The Effect of Cycling Process Between −196 and 120 °C on Microstructure and Properties of Additively Manufactured 7050 Al Alloy

Abstract

Wire arc additively manufactured (WAAM) aluminum alloys have been applied in the aerospace field. However, there was a lack of research on the stability of additive components under high‐ and low‐temperature cycling conditions in space. This study focuses on the evolution of microstructure, defects, and mechanical properties of WAAM 7050 aluminum alloy during high‐ and low‐temperature cycling from −196 to 120 °C. The number of cycles is 1, 2, 5, and 10, and one cycle time is 100 min.
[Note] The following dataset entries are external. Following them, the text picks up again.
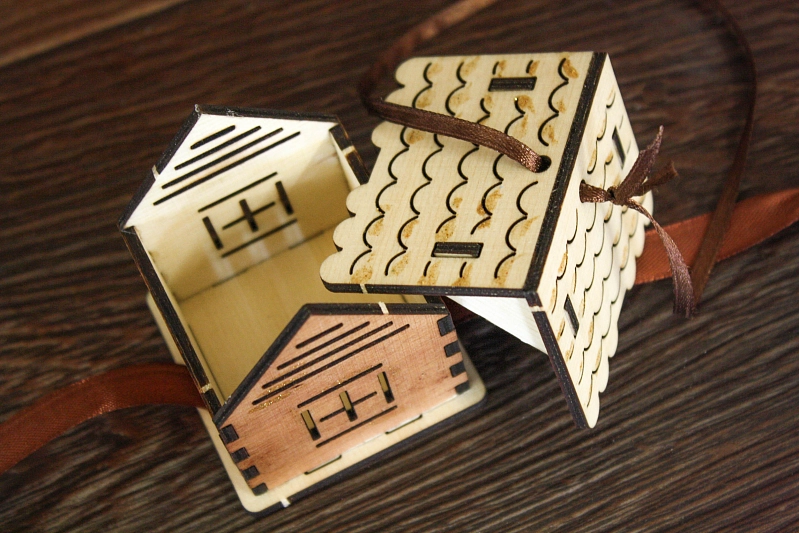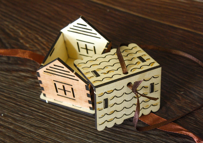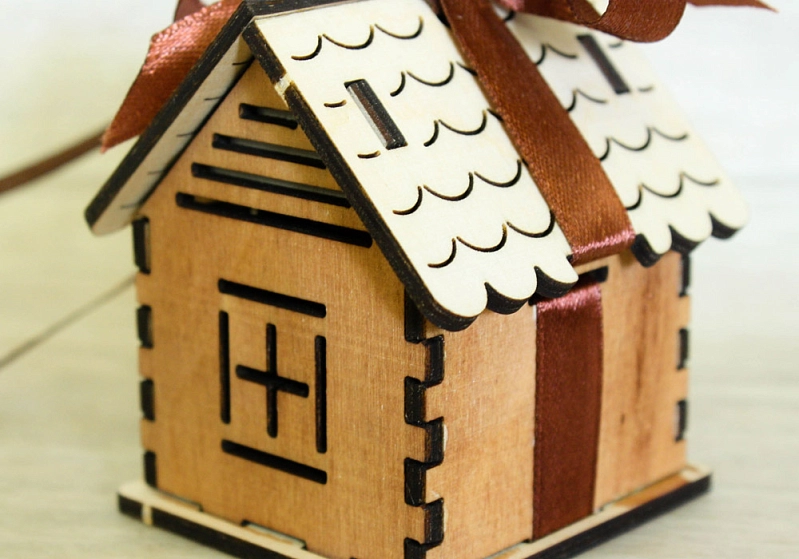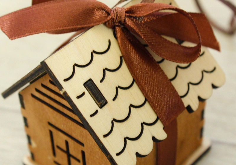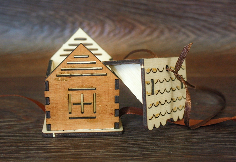 Ёлочное украшение "Домик" (6*5,5*7) Фанера 3мм, окрашен. морилкой, оформл., Дуб, 1 шт.
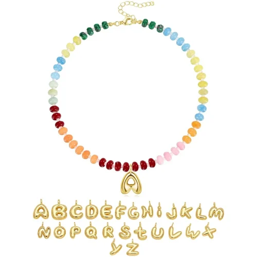 2024 Newest Initial Letter Necklaces Handmade Colorful Beaded Gemstone Choker 14K Gold Bubble Letter Pendant Necklace Jewelry
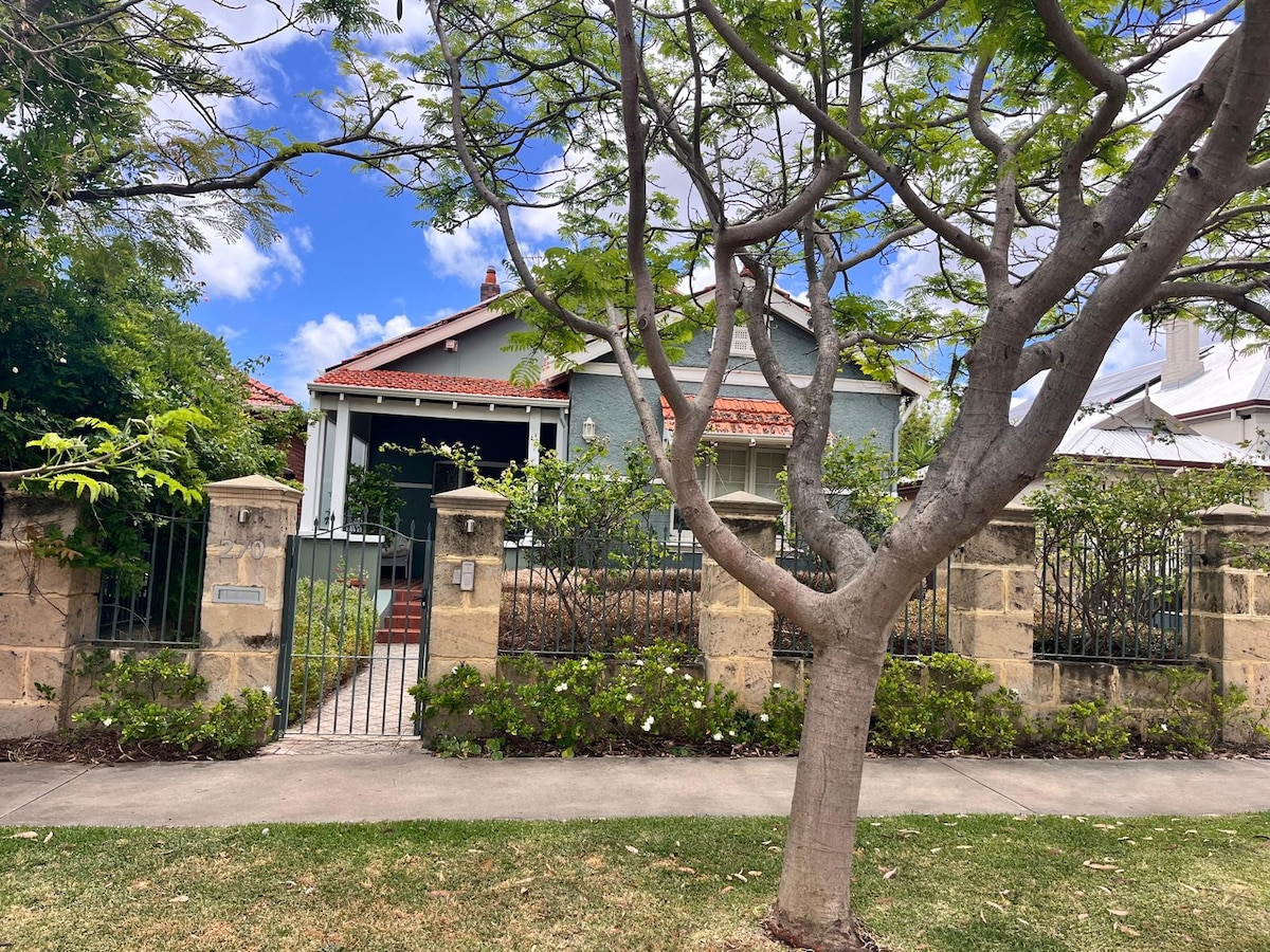 Una encantadora Federación, patrimonio, hogar de carácter a 30 segundos del hermoso Kings Park y a solo 5 minutos en autobús o coche gratuito del centro de la ciudad de Perth (o 15 minutos a pie), a 5 minutos de Subiaco y los restaurantes locales, el arte y la cultura. La casa y la ubicación son especialmente adecuadas para los visitantes por primera vez de Perth, así como para viajeros de negocios, parejas, aventureros solitarios y familias con hijos. Hay 4 dormitorios, con 5 camas en total, con capacidad para hasta 6 adultos y 2 niños o adultos individuales.

The results show that the number of η nanophases increase significantly after 5 cycles, and the η′ phases precipitate after 10 cycles. In defects, the porosity increases to 4 times of the as‐deposited state after 10 cycles, and the mean equivalent diameter of micropores is stabilized at 0.77 μm. In mechanical properties, the ultimate tensile strength decreases gradually with the increase of cycle times, and the hardness reaches the maximum of 143.2 HV after 5 cycles. The number of micropores increases after 10 cycles, and micropores have a weak effect on the failure mechanism. Cracks tend to sprout and expand along the eutectic phases and pores in the equiaxial grain zones, and equiaxial grain zones are the weak areas when they break.